The lie that was my mother's image blasted away under the stream of cleansing silver static, and I was perversely grateful to the horcrux for at least giving me a better visual of what she looked like than I'd ever had. Underneath the static, the locket screamed in pain, matched with my godmother's wail of anguish as she, too, realized how she'd been manipulated.
It seemed to hold on for hours, but I found out later it was only moments for the onlookers who had been growing increasingly apprehensive but unable to intervene through the powerful mind magic. Finally, with one last shriek, the soul was severed from the locket, a black shadow evaporating into the air, and I cut power to the spell.

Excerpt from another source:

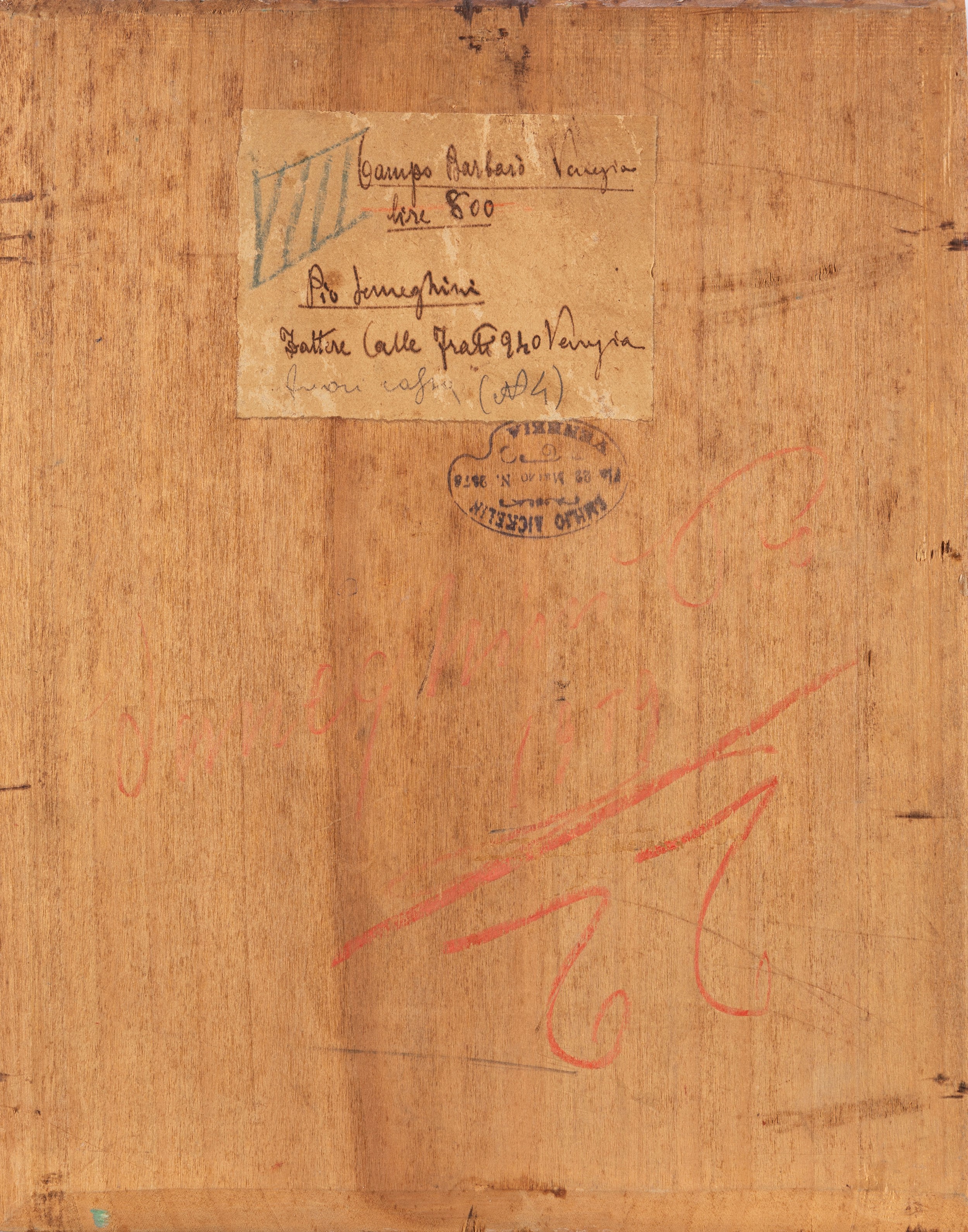 Sul retro, sul supporto, firmato e datato: Semeghini P. / 1919;  e cartiglio del pittore con titolo.

My godmother and I both slumped to the floor in exhaustion as the rest of the people in the room sprang forward to help Kreacher, whose flesh was burned from the superheated chain of the locket that had wrapped around his arm to keep him from dropping it.
"I hope the last ones are easier than that," I told my godmother, and she nodded, eyes full of grim vengeance against the man who'd dealt her so much pain. If she hadn't already murdered him, she probably would have gone off to do it again.